Correção em imóvel da Unimed leva FII a cortar base de distribuição
Imagem gerada por IA

O fundo imobiliário HUCG11 (HUCG11) informou que contratará uma empresa especializada para corrigir pendências construtivas no imóvel ocupado pela Unimed Campina Grande. A medida terá impacto direto na base de distribuição dos rendimentos do HUCG11 nos próximos meses.

O custo total da regularização é de R$ 2.200.000,00. Segundo a gestão, a intervenção é emergencial e preventiva. A iniciativa não implica renúncia a direitos nem reconhecimento prévio sobre a distribuição definitiva de responsabilidades pelas falhas identificadas.

Impacto nos rendimentos do HUCG11

O pagamento à empresa executora ocorrerá em duas etapas. A entrada será de 35% do valor total, ou R$ 770.000,00, equivalente a R$ 0,69 por cota, montante que reduzirá a base de distribuição referente a julho.

O saldo de R$ 1.430.000,00 será quitado em dez parcelas de R$ 143.000,00, cada qual correspondente a R$ 0,13 por cota.

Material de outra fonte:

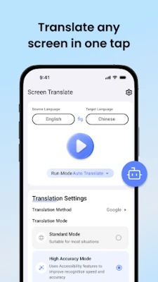 The app utilizes the AccessibilityService API solely when translation is manually triggered. This allows it to extract visible text from other apps and provide accurate translations. This permission is only required for High-Precision Mode and Ultra-Fast Mode. Rest assured, your personal information, passwords, and typed content are not collected, stored, or shared. The app fully complies with Google Play’s Accessibility and User Data policies.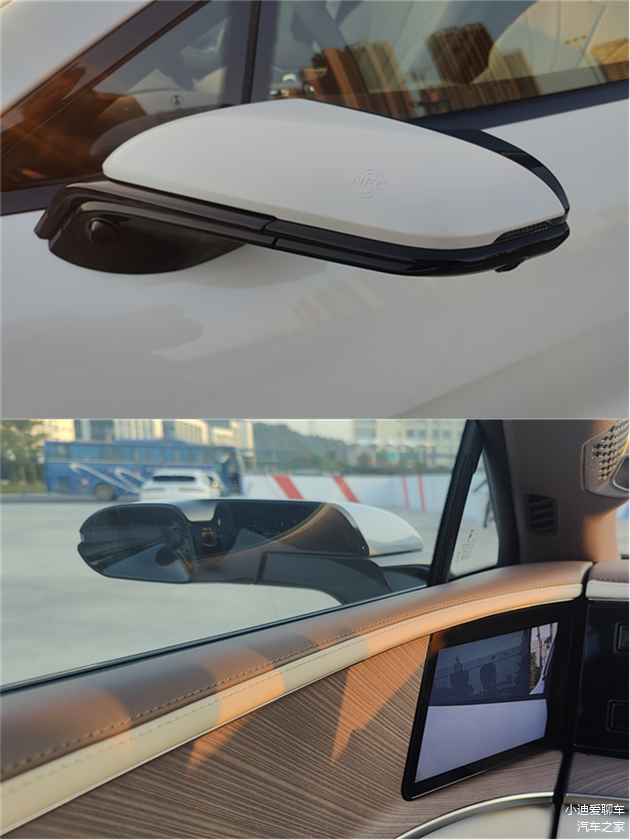 电子外后视镜造型很漂亮,恶劣天气下很实用,而且车内可以自定义调节视野范围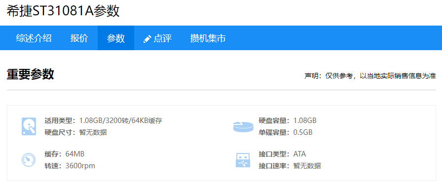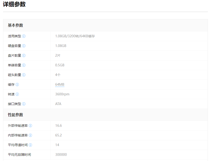 单碟500MB,双盘片设计,64K缓存,3600转/分。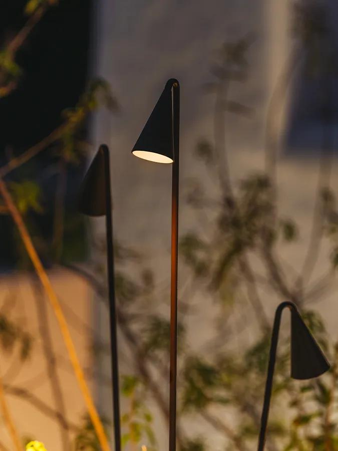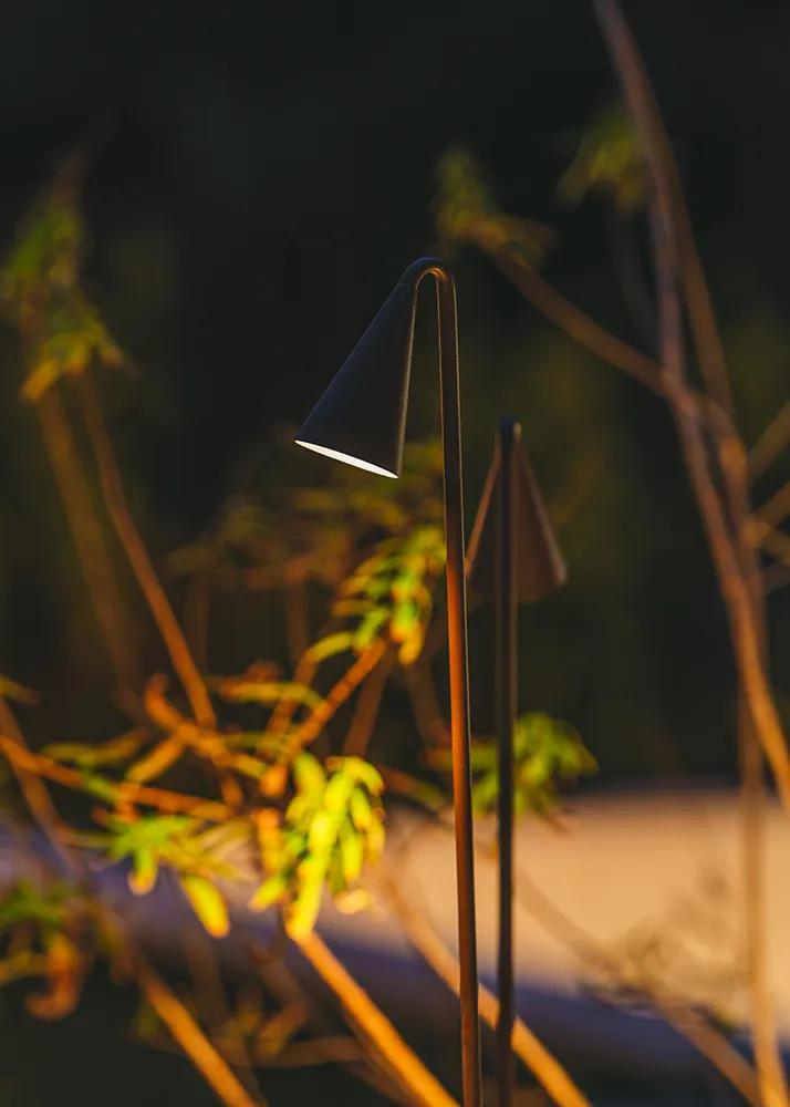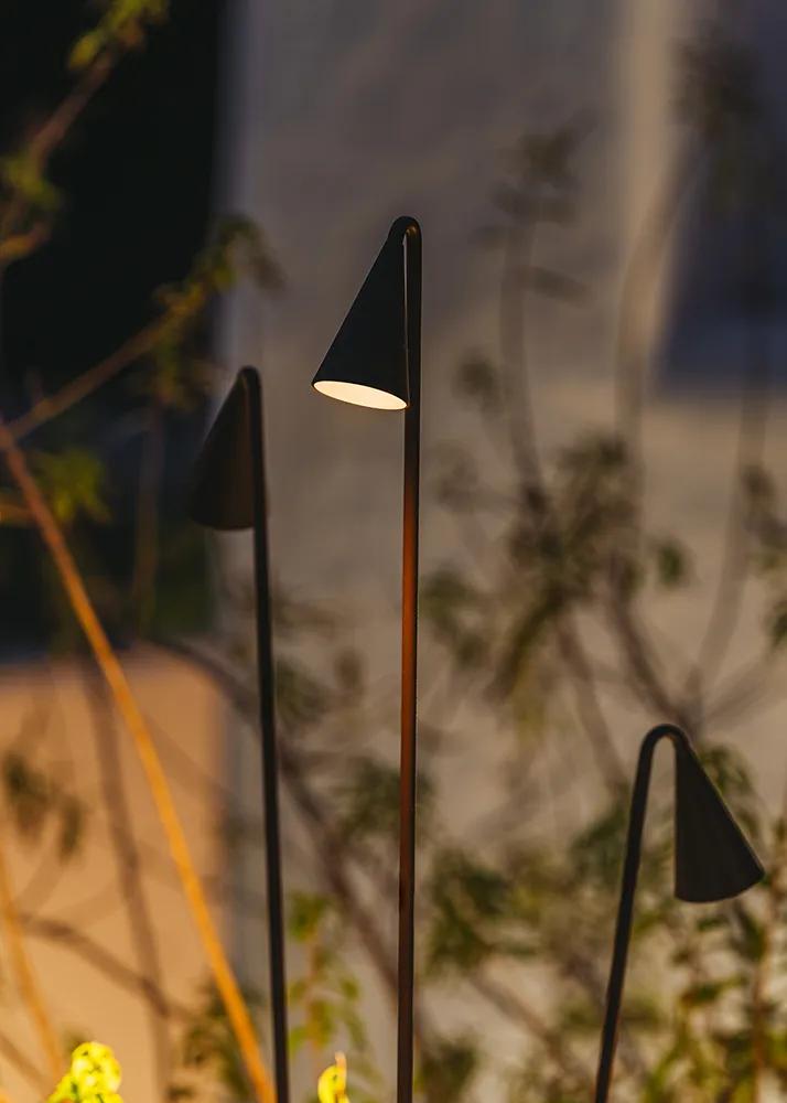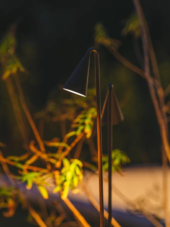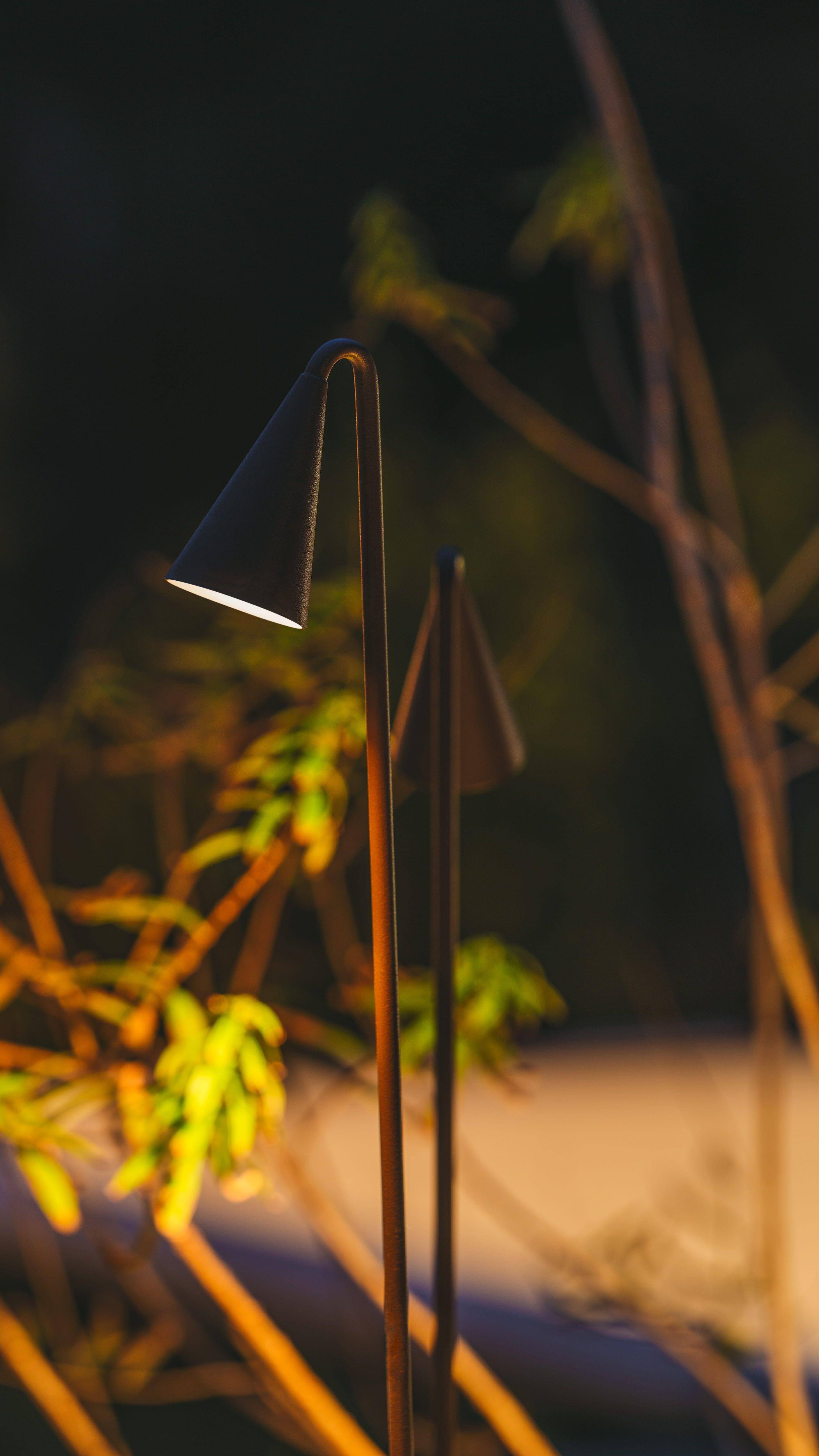 The Brisa outdoor lamp is intended to blend naturally into the garden’s greenery, courtyards, and walkways. The graceful silhouette and its warm, bright beam head lend it a quiet presence that accents an outdoor space rather than overpowering it.

Essas parcelas afetarão a base de distribuição dos rendimentos do HUCG11 entre agosto de 2026 e maio de 2027, conforme comunicado.

Detalhes das pendências e providências do fundo

Embora a obra tenha sido concluída e o imóvel ocupado pela Unimed Campina Grande em 28 de abril de 2025, permaneceram pendências sob responsabilidade da construtora, com destaque para a fachada do edifício. Para dimensionar a extensão e a criticidade das falhas, o fundo encomendou três inspeções técnicas independentes, cujos relatórios embasaram a análise das inconformidades.

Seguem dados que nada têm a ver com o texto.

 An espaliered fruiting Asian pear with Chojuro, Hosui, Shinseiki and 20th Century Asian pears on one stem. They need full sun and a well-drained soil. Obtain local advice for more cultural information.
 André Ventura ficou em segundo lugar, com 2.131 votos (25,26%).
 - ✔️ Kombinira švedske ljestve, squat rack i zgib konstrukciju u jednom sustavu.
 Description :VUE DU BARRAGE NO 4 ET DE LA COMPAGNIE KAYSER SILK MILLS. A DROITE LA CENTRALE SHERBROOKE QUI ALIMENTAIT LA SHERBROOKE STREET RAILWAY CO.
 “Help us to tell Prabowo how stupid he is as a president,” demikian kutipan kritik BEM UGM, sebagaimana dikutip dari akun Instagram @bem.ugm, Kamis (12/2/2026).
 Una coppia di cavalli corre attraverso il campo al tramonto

Na sequência, foram obtidas duas propostas comerciais para execução dos serviços. Uma terceira empresa consultada declinou do convite. Nos últimos meses, a gestão negociou com a construtora para definir, de forma consensual, o escopo das correções e a contratação de uma empresa qualificada, mas não houve acordo sobre quais medidas deveriam ser custeadas diretamente pela construtora.

Diante do impasse e da urgência, o fundo decidiu avançar por conta própria. Parte das pendências tem criticidade elevada, e a Unimed vem relatando pontos de infiltração. A administração justificou a pronta intervenção pela natureza hospitalar do empreendimento e pela necessidade de preservar a integridade dos usuários e o patrimônio do fundo.

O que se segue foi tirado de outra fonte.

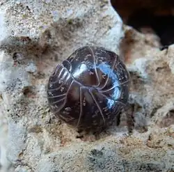 It has a convex body, and is capable of volvation (rolling into a ball) without leaving fissures. It has small eyes with several ocelli. Its telson is triangular and its uropods are similar to those of Armadillidium.[2][3] The first joint of the antenna is remarkably small,[4] being only about half as long as the second.[3]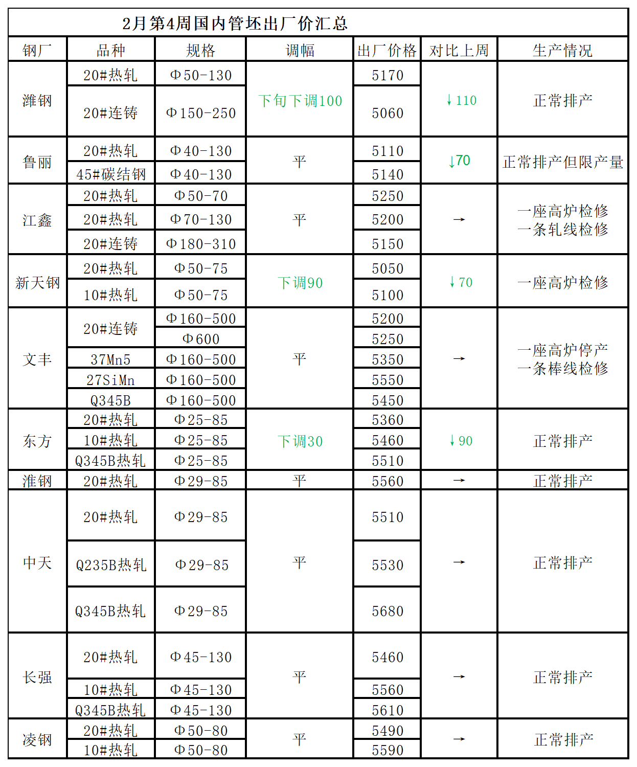 2月第4周国内管坯出厂价汇总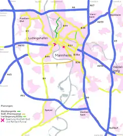 Als Haupteinfallstraße mit direkter Verbindung nach Ludwigshafen am Rhein nimmt die bestehende Straßenverbindung einen Großteil des allgemeinen Verkehrs aus Richtung Norden auf und dient zudem der Verkehrserschließung wichtiger Industrie- und Gewerbestandorte entlang der B 44, auf der Friesenheimer Insel sowie des Handels- und des Industriehafens. Die Straßenführung bedeutet für einige Wohngebiete in Sandhofen Neckarstadt-West und Jungbusch erhebliche Lärmbelastungen aufgrund des Durchgangsverkehrs.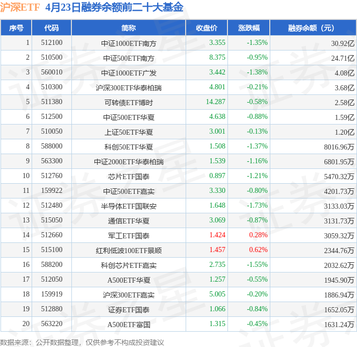 沪深ETF融券余额前三分别为:中证1000ETF南方(512100)融券余额30.92亿元、中证500ETF南方(510500)融券余额24.71亿元、中证1000ETF广发(560010)融券余额4.08亿元,前20具体见下表: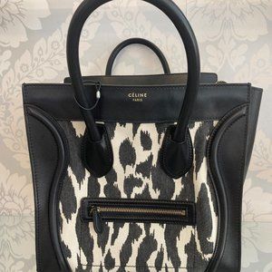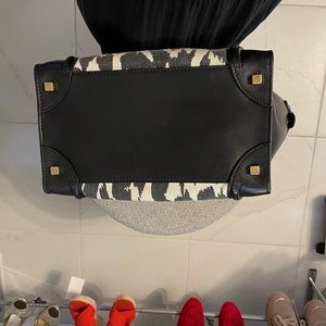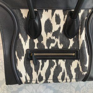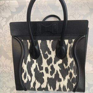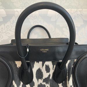 CELINE PARIS Black Leather Animal Print Handbag/Satchel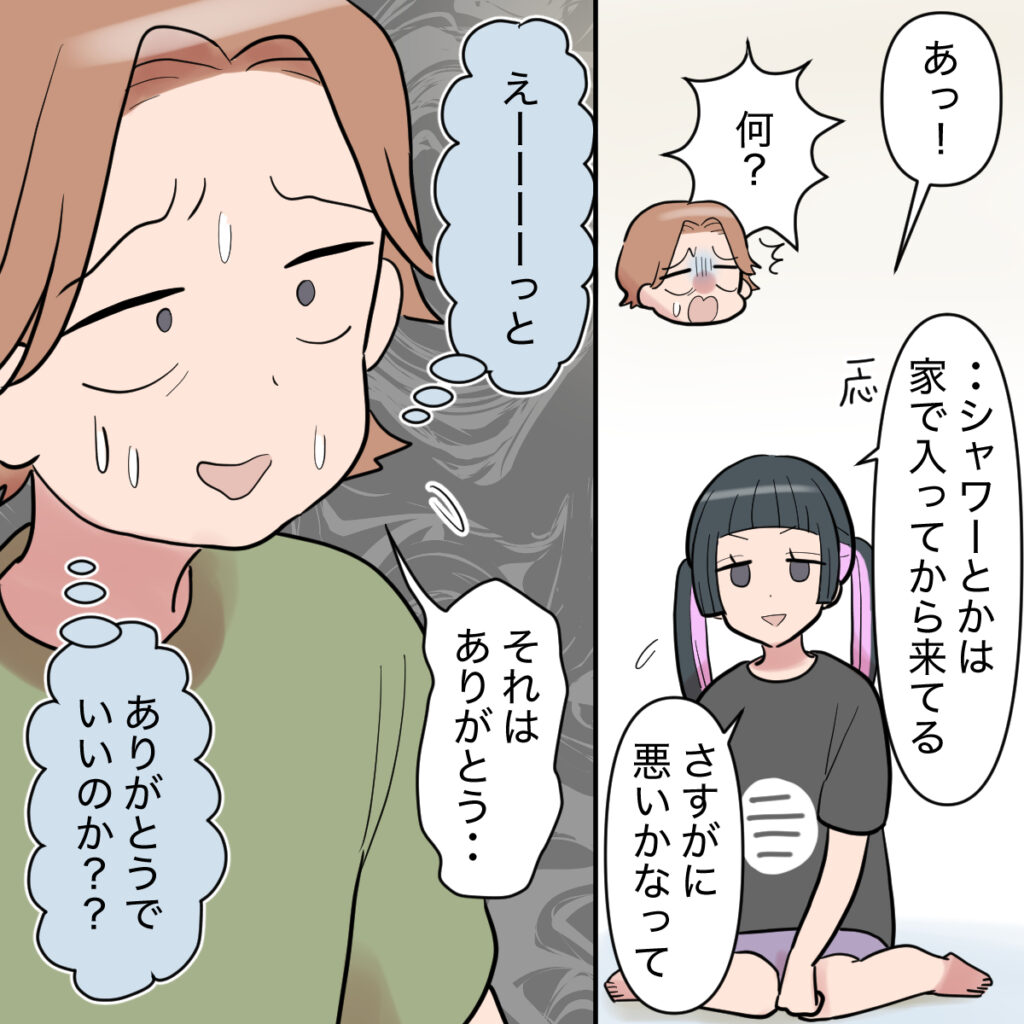 すると、「あっ!」突然大きな声を出すエリカちゃん。「何?」と聞くと、「・・シャワーとかは家で入ってから来てる。さすがに悪いかなって」ちょっぴりドヤ顔のエリカちゃん。「えーーーーーっと」と考え込んで、「それはありがとう・・」と答えながら、「ありがとうでいいのか??」と考え込んでいました。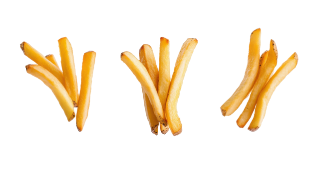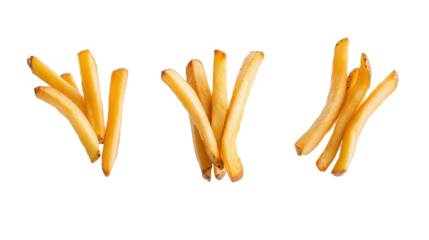 Three servings of crispy golden French fries arranged on a white background. transparent background

A empresa executora foi selecionada após processo de cotação, com a proposta considerada a mais adequada sob os aspectos técnico e econômico. A gestão também comunicou que adotará todas as medidas administrativas e judiciais cabíveis para responsabilizar os agentes envolvidos e buscar o ressarcimento dos valores despendidos.

Quando os recursos de eventual ressarcimento ingressarem, eles voltarão a compor a base de distribuição do fundo imobiliário. Até lá, a programação de pagamentos informada balizará os ajustes na distribuição de rendimentos, conforme o cronograma de desembolsos detalhado.